There is limited regulation of the methods used to slaughter fish, meaning that many are subjected to inhumane methods and suffer immensely leading up to their deaths. Inhumane slaughter methods often used to kill fish include them having their gills cut without being stunned first, being left to asphyxiate in air or on ice, being stunned with carbon dioxide and being chilled live or bled out without first being stunned.

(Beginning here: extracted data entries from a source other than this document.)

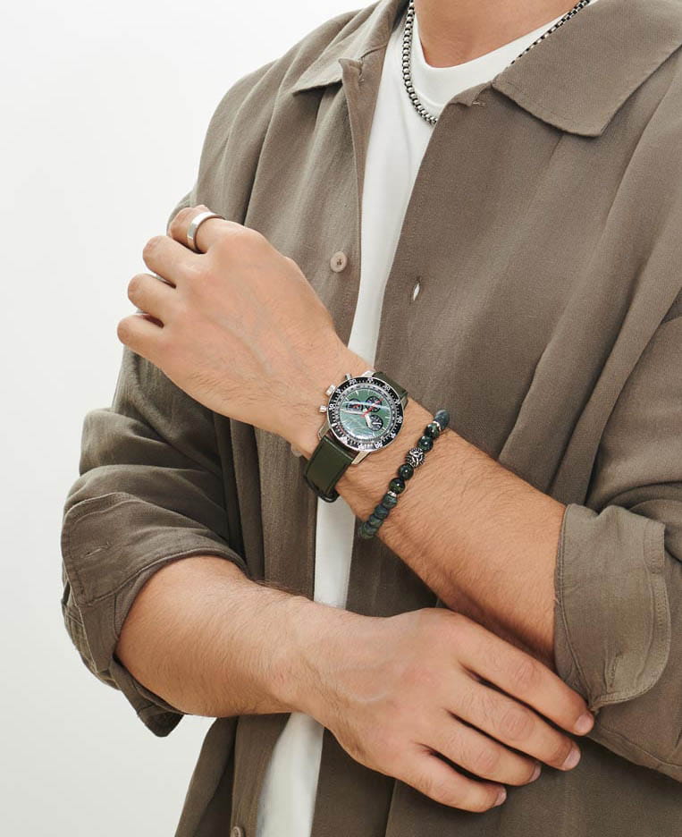 Мужские наручные часы Mathey-Tissot Type 1968 TYPE1968VE оснащены механическим механизмом с автоподзаводом, обеспечивающий высокую точность хода и надежность. Элегантный корпус часов выполнен из нержавеющей стали серебристого цвета, что делает их устойчивыми к внешним воздействиям и придает благородный вид. Вращающийся в одном направлении безельБезельВнешний ободок, закрепляющий стекло. В спортивных часах так называется поворотное кольцо с делениями на циферблате, выполняет роль таймера – замеряет отрезки времени на шкале. Неподвижный безель – элемент декора. Однонаправленно вращающийся безель на дайверских часах позволяет фиксировать моменты погружения и выныривания на поверхность. с PVD-покрытиемPVDУльтратонкое покрытие наносится в технике вакуумного напыления, сочетает в себе нитрид титана особой прочности со слоем золота или оксида хрома. Несёт в себе декоративную или защитную функцию. черного цвета. Циферблат украшен классическими стрелками и метками с люминесцентным покрытиемЛюминесцентное покрытиеПозволяет считывать показания времени в темноте. Производители наносят на стрелки, часовые индексы, безель или поверхность циферблата светонакопительный состав, дающий холодное свечение., гармонично дополняющим общий дизайн модели. Для защиты циферблата используется минеральное стеклоМинеральное стеклоМинеральное стекло представляет собой искусственно выращенный минерал кварца. Такое стекло отличается особой устойчивостью к повреждениям и царапинам. Уступает по некоторым качествам сапфировому стеклу. с сапфировым покрытием, устойчивое к царапинам и механическим повреждениям. Корпус имеет круглую форму диаметром 41 мм, что делает часы заметными и подходящими. Браслет из кожи на застёжке-бабочке с кнопкамиЗастёжка "бабочка"Такой вид застёжки дополняется предохранителями, помогающими избежать случайного раскрытия браслета. Обладают изящным исполнением. , обеспечивающим комфортное и безопасное ношение. Модель оснащена функцией хронографаХронографФункция позволяет измерять отрезки времени с особой точностью: часы, минуты, секунды. Верным признаком хронографа является наличие на циферблате 3 дополнительных окошек-счётчиков. с секундомеромСекундомерСекундоме́р — прибор, способный измерять интервалы времени с точностью до долей секунды.. Часы обладают водонепроницаемостью до 50 метров (5 АТМ), что позволяет использовать их в повседневной жизни, включая контакт с водой при мытье рук или дожде. Эти часы станут идеальным выбором для мужчин, ценящих стиль, качество и функциональность.
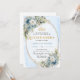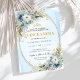 Ideal for classic, modern, garden, or elegant Quinceañera themes, this invitation combines delicate blue hues with warm gold details to achieve a look that feels both sophisticated and youthful. The greenery and eucalyptus bring freshness and balance, while the gold accents add just the right amount of sparkle for a meaningful 15th birthday celebration. Whether you are planning a formal Quinceañera, a traditional fiesta, or an intimate family gathering, this invitation sets a beautiful and memorable tone.
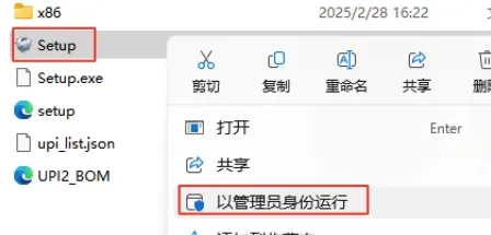 2.打开解压后的文件夹,选择【Setup.exe】鼠标右键选择【以管理员身份运行】。
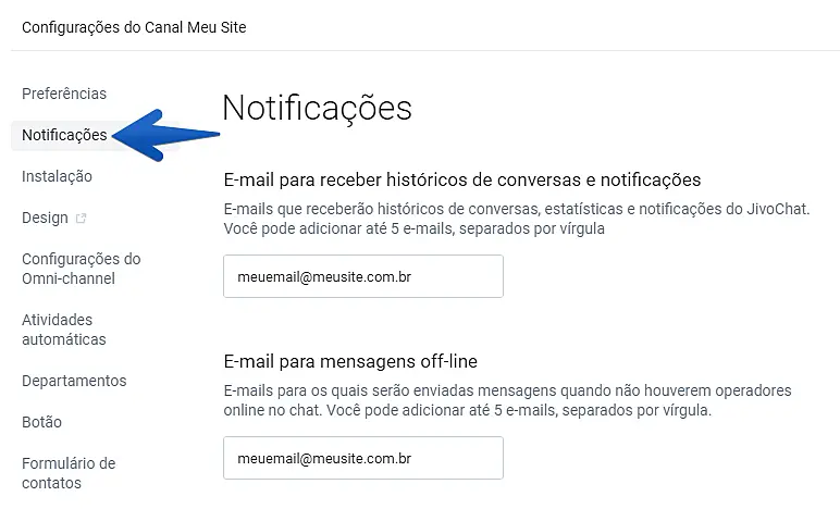 3.Depois, acesse o menu Notificações no painel à esquerda e preencha seu e-mail do Zendesk nos campos E-mail para receber os históricos das conversas e notificações e E-mail para mensagens off-line.
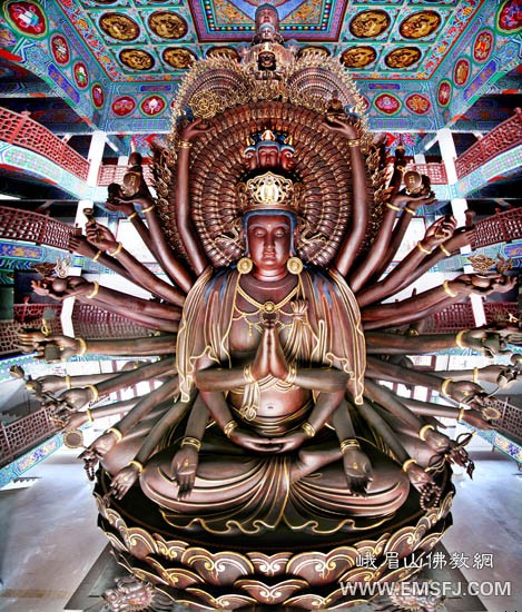 评语:观世音菩萨,现千手千眼,以慈悲心寻声救苦,普渡众生。大佛禅院观音殿中供奉的是世界上最独特的四面千手千眼观世音菩萨。塑像通高15.6米,以500多方乌木精雕而成,并饰以花金彩绘,造像慈悲安祥、庄严伟岸,与乌木之厚重沉着、灵性神秘珠联璧合、相得益彰,令人叹为观止。该图用广角镜头将其完整拍摄,用光讲究使其更有立体感 。
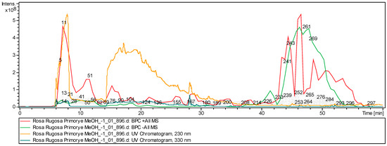 This procedure allowed a detailed evaluation of the rose MeOH extract fraction and the tentative identification of up to 146 phytochemicals (Table A1 (Appendix A)). The most represented classes of polyphenolic compounds were flavonoids (flavonols, flavones, flavan-3-ols, flavanones) with a total of 68 polyphenols identified for the first time. Some polyphenols were identified for the first time in the genus Rosa (family Rosaceae).

The slaughter methods currently thought to be most humane are percussive stunning and spiking and then bleeding out the fish, as these quickly render the fish unconscious and insensible before they are bled out.
Fish are not the only animals in the aquafarming industry who are commonly subjected to inhumane slaughter methods. Decapods such as crabs and lobsters are often killed by being chilled or boiled while still conscious. These methods cause extreme suffering in these animals’ final moments of life.
The aquafarming industry involves the breeding and slaughter of billions of sentient animals every year. This is only going to change if demand is significantly reduced. You can play a small part in this by removing seafood from your diet and making the switch to plant-based sources of protein.
One form of aquafarming that should be encouraged is the farming of aquatic plants. As long as it is carried out responsibly, the production of aquatic plants such as algae has the potential to provide a sustainable source of amino acids and omega-3 fatty acids, and to become an important addition to plant-based diets.